Nel novembre del 1462 il castello svolge il ruolo di felice
dimora per Ferrante I d'Aragona. In epoca moderna solo la
casata Grimaldi per un certo periodo di tempo si è servita
del castello per propria abitazione. Nel 1524 Carlo V, re di
Spagna, stipulò un trattato di alleanza con il signore di
Monaco Agostino Grimaldi e nel 1532 strappò al principe
Onorato I la proposta di un vero e proprio protettorato con
reciproco scambio di concessioni: Carlo V assegnava al
signore di monaco il dominio su uno stato feudale composto
da diversi centri nel regno di Napoli, mentre il Grimaldi
cedeva alla Spagna la roccaforte monegasca. Terlizzi era
uno di quei centri e nel 1632 Onorato II Grimaldi vi fece
trasferire come arciprete-prelato il suo omonimo cugino,
fornendogli come abitazione proprio il castello, restaurato
per l'occasione.
Solo da un'attenta lettura di un dipinto anonimo risalente al
1600 ci si può fare un'idea di com'era il castello, non
essendoci pervenuta alcuna fonte grafica ma soltanto un
documento rinvenuto nell'Archivio di Stato di Napoli che al
foglio 167 contiene una nota descrittiva. Il castello nel
dipinto appare strutturato nelle sue componenti essenziali: il
maschio sull'ingresso con la sua bertesca e il cammino di
ronda, il nucleo abitativo, sui due lati le superstiti strutture
del recinto fortificato, in cui era compreso il torrione. Il
profilo architettonico della torre appare perfettamente
delineato in piena rispondenza ai canoni costruttivi del
tempo, come avamposto militare di difesa. Il primo livello
appare munito alla sua base di una scarpa di rinforzo, una
specie di piano inclinato rispetto alla verticale. Allo stato
reale il primo ripiano di base è posizionato nell'ipogeo, con
un proprio ingresso laterale, cui si accede attraverso dei
cunicoli. Il vano ipogeo si presenta necessariamente meno
capiente di quello a livello stradale proprio per la maggiore
ampiezza delle murature di base, ma ripete gli stessi motivi
architettonici del vano del livello superiore, con l'apertura,
cioè, in chiave di volta per i collegamenti verticali e il
paramento murario in pietra faccia a vista.

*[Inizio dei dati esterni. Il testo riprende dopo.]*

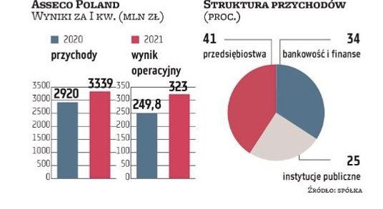 W I kwartale 2021 r. Asseco Poland wypracowało ponad 3,3 mld zł przychodów, czyli o 14 proc. więcej niż w analogicznym okresie ubiegłego roku. Sprzedaż własnych produktów i usług informatycznych wyniosła 2,6 mld zł, co stanowiło 78 proc. wszystkich przychodów. Skonsolidowany zysk operacyjny wzrósł o 29 proc., do 323 mln zł. Z kolei zysk netto przypisany akcjonariuszom jednostki dominującej sięgnął 102 mln zł i był o 25 proc. wyższy niż rok temu. Był zbliżony do szacunków opublikowanych wcześniej przez spółkę. W trakcie I kwartału grupa poprawiła wyniki we wszystkich segmentach operacyjnych. W Formula Systems sprzedaż wzrosła o 16 proc., do 2,2 mld zł, a zysk operacyjny o 31 proc., do 167 mln zł. Przychody segmentu Asseco International zwiększyły się o 9 proc., do 819 mln zł, a zysk operacyjny o 21 proc., do 98 mln zł. Z kolei w segmencie Asseco Poland sprzedaż wyniosła 367 mln zł, czyli o 18 proc. więcej niż rok temu, a zysk operacyjny poszedł w górę o 38 proc., do 59 mln zł. W I kwartale za 89 proc. przychodów grupy odpowiadały rynki zagraniczne (reprezentowane przez segmenty Formula Systems i Asseco International). Jeśli przeanalizowalibyśmy relację zysku do przychodów, jakie wypracowują poszczególne segmenty, to okazuje się, że najwyższą rentownością może się pochwalić Asseco Poland, a relatywnie najniższe marże w I kwartale miała Formula.

Fatta eccezione degli interventi di ristrutturazione e restauro
prima menzionati non si hanno altri riscontri di impiego di
opere edilizie. Solo quando la pubblica amministrazione,
con il riscatto feudale del 1779, rientrò in possesso delle
proprietà del demanio comunale, potette correre ai ripari
recuperando nei primi decenni dell'ottocento alcuni locali
che adibì a usi diversi. Purtroppo continuarono a verificarsi
crolli di membrature superstiti fino a quando non divennero
comode cave di materiale edilizio per portare a compimento
la costruzione della nuova cattedrale. Intorno agli anni
sessanta dell'Ottocento scomparve ogni altra traccia del
castello.
Oggi rimane la sola torre maggiore che si erge come torre
civica e simbolo della città.
Nel già citato dipinto essa appare, per ragioni di prospettiva,
marginale e di ridotte dimensioni ma comunque
caratterizzata come le comuni torri di difesa del periodo.
Appare quindi merlata alla guelfa, munita cioè di parapetto
con merli piatti e non a coda di rondine (alla ghibellina) e
collegata con il cosiddetto arcus pinctus (arco dipinto).
I primi lavori per adibire la torre normanna a servizio della
comunità ebbero inizio negli anni venti dell'Ottocento.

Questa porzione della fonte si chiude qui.